ETTORE GIURADEI, parlando del primo singolo estratto, afferma: “La repubblica del sole ci sarà per forza. Scomparirà la vergogna e la vita scoprirà finalmente il suo senso di gioco, d’assoluta perdizione nel piacere del pensiero e dell’azione. “Mai come oggi si è parlato tanto di civiltà e di cultura, quando è la vita stessa che ci sfugge” (A. Artaud). Il giorno successivo all’uscita il Corriere della Sera lo segnala tra i 4 album da acquistare, il Messaggero ne loda “la potenza viscerale nel live, l’ottima capacità di scrittura, le travolgenti sonorità”, SentireAscoltare dichiara “un gran bel ritorno”, Rockol lo giudica “un grandissimo disco”, Rockit si affretta a chiedere l’esclusiva dello streaming e lo piazza per una settimana in homepage. Il tour vedrà avvicendarsi i migliori club con diversi teatri come il Derby di Milano (da cui tutto partirà ufficialmente), il Pavone di Perugia, il Teatro Centro Lucia di Brescia, l’Aurora di Bergamo…

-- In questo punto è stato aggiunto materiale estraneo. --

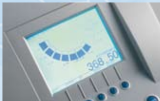
Clear display: Screen format can be easily adapted to show just the information you require.

When a traditional sorter stops for a bag switch, productivity falls by 100%. With the SC Active 2200, productivity falls some 10% – coins re-circulate and the other eight bags operate as normal. A new bag is attached and productivity returns to 100% without interruption.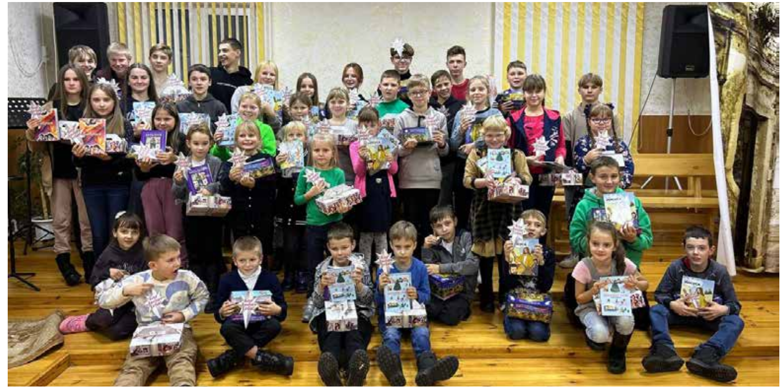
Children at the Immanuel's Child outreach.

of children who for various reasons could not participate in the outreaches.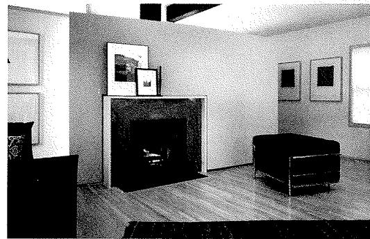
Press Residence Chicago, Illinois Michael J. Pado AIA Architect, Ltd.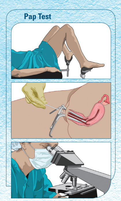
(Anishinaabek Cervical Cancer Screening Study, 2013)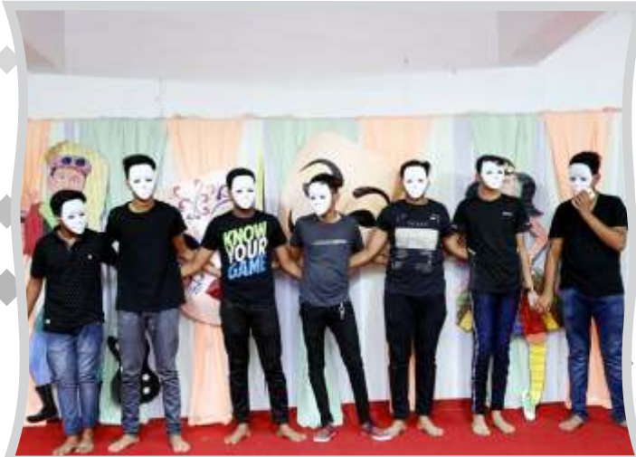
CPAINS Showcasing social issues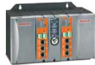
ControlEdge™ HC900 Safety Controller

ControlEdge HC900 is a highly reliable SIL 2 controller based on a proven platform that is easy to configure, with excellent networking and best in class loop control capabilities.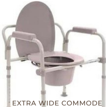
EXTRA WIDE COMMODE FRAME WITH A SPLASH GUARD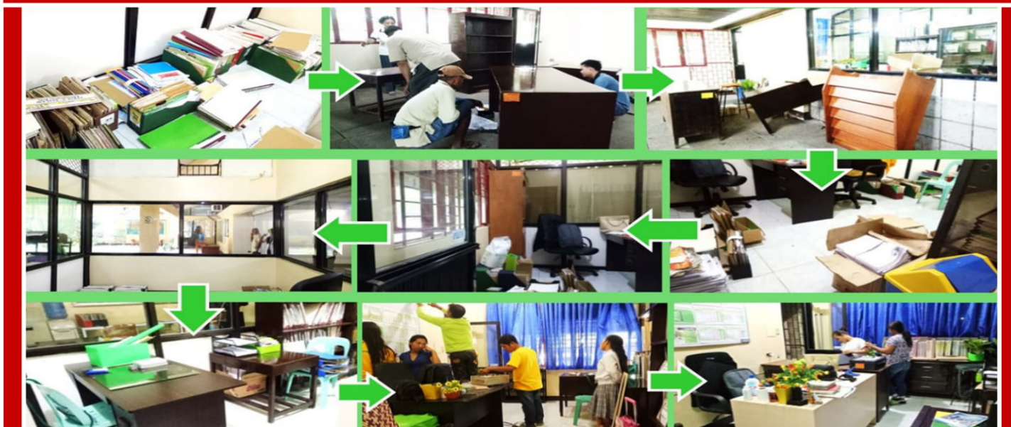
Photo glimpses of the Newly transferred and retrofitted Frontline Offices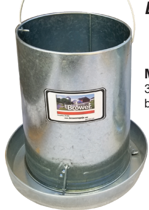
Model GLV30H 30 lb. capacity for birds of all ages.

Bright Spangle, Premium Steel • Competitive Pricing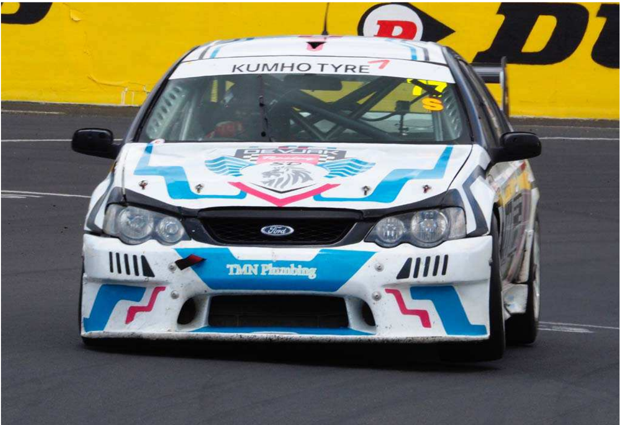
Doug Barry finished the Speed weekend as fastest over the 2 days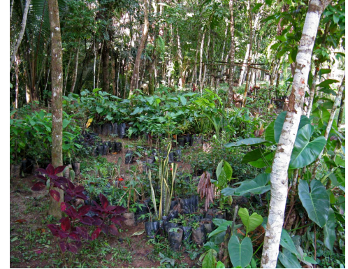
Various native plants are grown onsite for landscaping use

important aspect to maintaining the beauty of the property. The design and planning of Camino Del Rio incorporates sustainability and green building principles as a foundation to the environmental preservation strategy.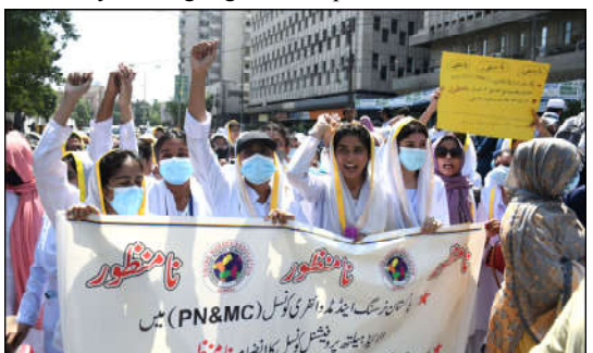
KARACHI: Nurses of Pakistan Nursing and Midwifery Council are protesting outside the press club for their demands.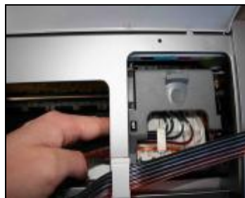
Make sure tubeline will not meet printer when printing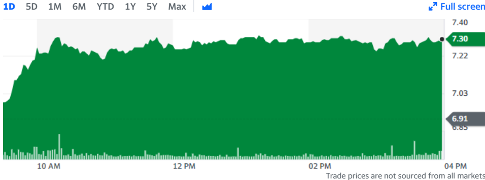
Chart Events ? +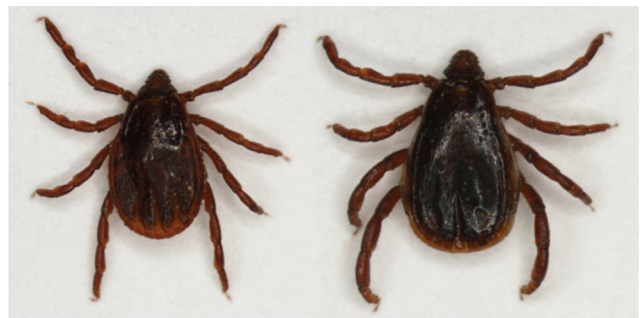
Figure 6: Brown Dog Tick ( Rhipicephalus sanguineus ) female (L) male (R).

The adult ticks are most often found in the ears and between the toes of dogs. The larvae and nymphs are found in the long hair on the back of the neck. The eggs are deposited in cracks and crevices of the dog kennel. These ticks have a tendency to crawl upward and are commonly found in cracks in the roof of dog kennels or ceilings of porches. These ticks will also become established in houses and other buildings that are inhabited by dogs. The brown dog tick transmits a wide range of pathogens to dogs that include Anaplasma platys , Babesia canis , Babesia gibsoni , Ehrlichia canis , Hepatozoon canis and Rickettsia rickettsii .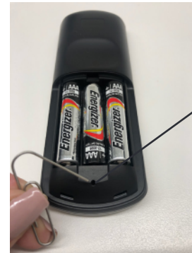
Hole Location for Pairing

Insert a Paper Clip Until You Hear a "Click" Sound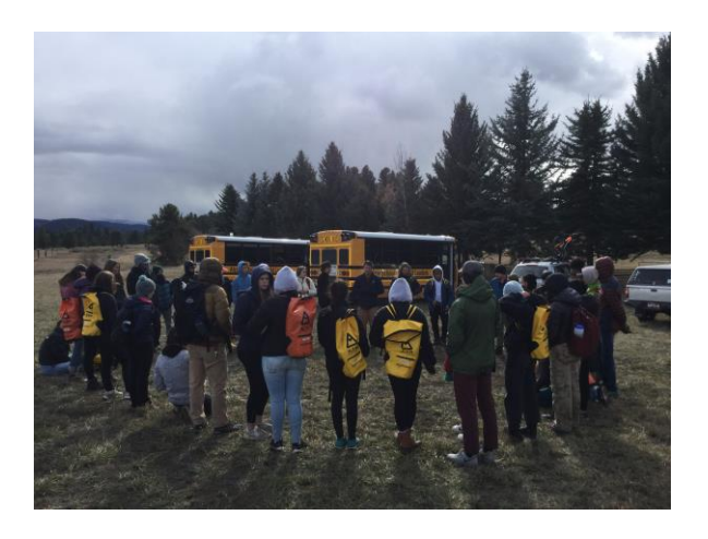
Gathering at the end of the day to submit data and close out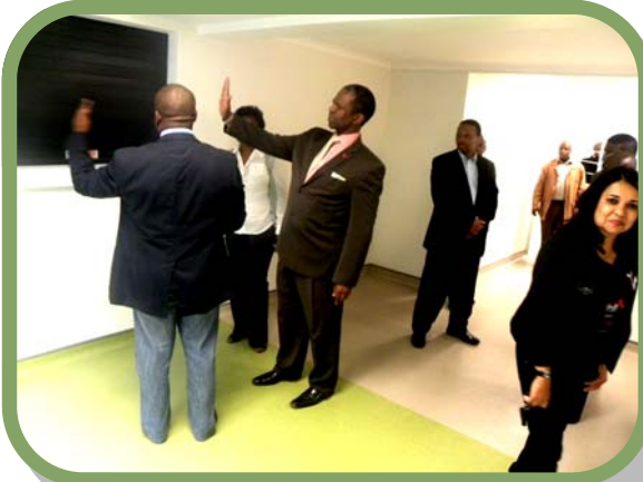
MEC viewing the Construction Site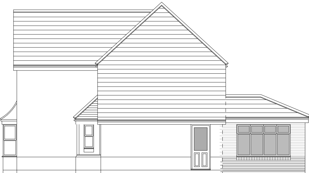
Proposed L.H. Side Elevation (scale 1:100@A3)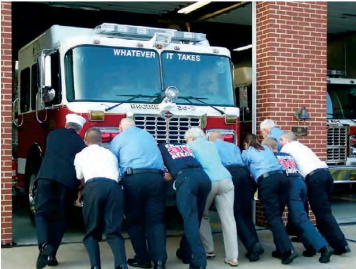
Traditional Housing Ceremony ends with the fire engine pushed back into the station.

The Township Building will be closed on Monday, September 6th for Labor Day; and Thursday November 25th & Friday November 26th for the Thanksgiving Holiday.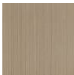
W2-LN-09 RAW SUGAR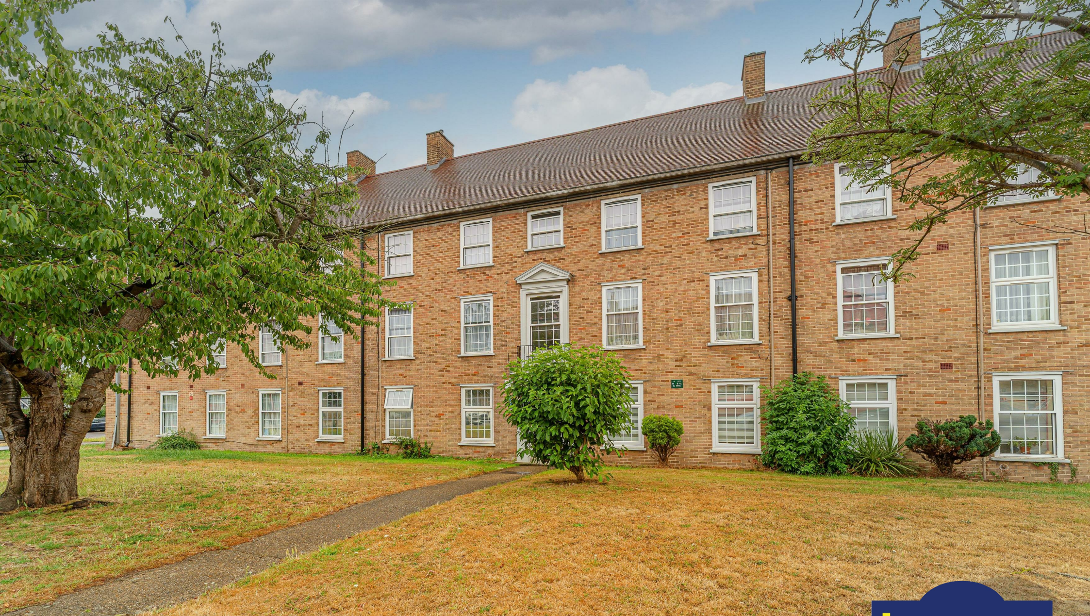
Manor Court, EN1 4SN Enfield

ESTRATTI DI RECENSIONI x “Era che così”

“Riesce a far risaltare le vite che riporta in forma di parole e note“ – Rolling Stone

“Finalmente i giovani autori riescono a uscire dal luogo comune dei testi alla vecchia maniera, quelli che hanno decretato il successo di Guccini, De Gregori o Ciampi.” – Kataweb

“Ancora cantautorato? Sì, ancora cantautorato. Ma un cantautorato che sbraca, piange, sanguina, emoziona.” – Rockit

“Giuradei ha talento e inventiva, si appella a nomi importanti del cantautorato dentro e fuori l’Italia e ne ruba l’essenza, manipolandola secondo il suo immaginario di autore dalla vena surreale e ironicamente maledetta, nella quale teatro, cabaret e letteratura scompaginante si amalgamano alla meglio.” – Mussicboom

“Strampalato ed eccentrico, il secondo disco di Ettore Giuradei mischia folk, jazz e canzone d’autore per rivestire con freschezza e agilità dei testi che sembrano filastrocche nonsense.” – L’Isola che non c’era

“Era che così ci dimostra di averci sentito giusto nella maniera più eclatante: raggiungendo cioè risultati altrettanto degni di nota partendo però da premesse quasi antitetiche.” – Mucchio Selvaggio

“Quando dietro le note c’è una sconosciuta quanto geniale scrittura a guidare la mano, nascono album come questo “Era che così”, un disco sincero, strambamente umano, non da grandi scaffali, piuttosto di quella eroica nicchia da attingimento per momenti che reclamano roba buona e fine. Un disco già in odore di una diretta santità alternativa dribblando la canonizzazione d’obbligo.” – Mescalina

www.myspace.com/ettoregiuradei

- PUSO -


A un anno dall’inaugurazione di Sotto il cielo di Fred, manifestazione per il cinquantenario dalla scomparsa di Fred Buscaglione, l’Associazione F.E.A. in collaborazione con Spazio 211 propone il secondo appuntamento live per ricordare il grande musicista torinese scomparso nel 1960 e promuovere i musicisti arrivati in finale per il Premio Buscaglione il 13 febbraio 2010. La grande risposta di pubblico, oltre 5.000 le presenze agli eventi in programma a Torino dal 3 al 13 febbraio 2010, e la volontà di continuare a proporre momenti live dedicati alla canzone d’autore emergente, in attesa della seconda edizione del festival – febbraio 2012 –, hanno spinto l’Associazione F.E.A. a cercare collaborazioni per la promozione degli artisti giunti in finale il 13 febbraio 2010. Ad inaugurare questo percorso il 3 luglio scorso Jang Senato, secondi classificati al Premio Buscaglione, si sono esibiti prima degli Zen Circus sul palco di Colonia Sonora.

Il 7 marzo sarà la volta di Puso, terzo classificato al Premio Buscaglione, che aprirà il concerto in programma a Spazio 211: Ettore Giuradei.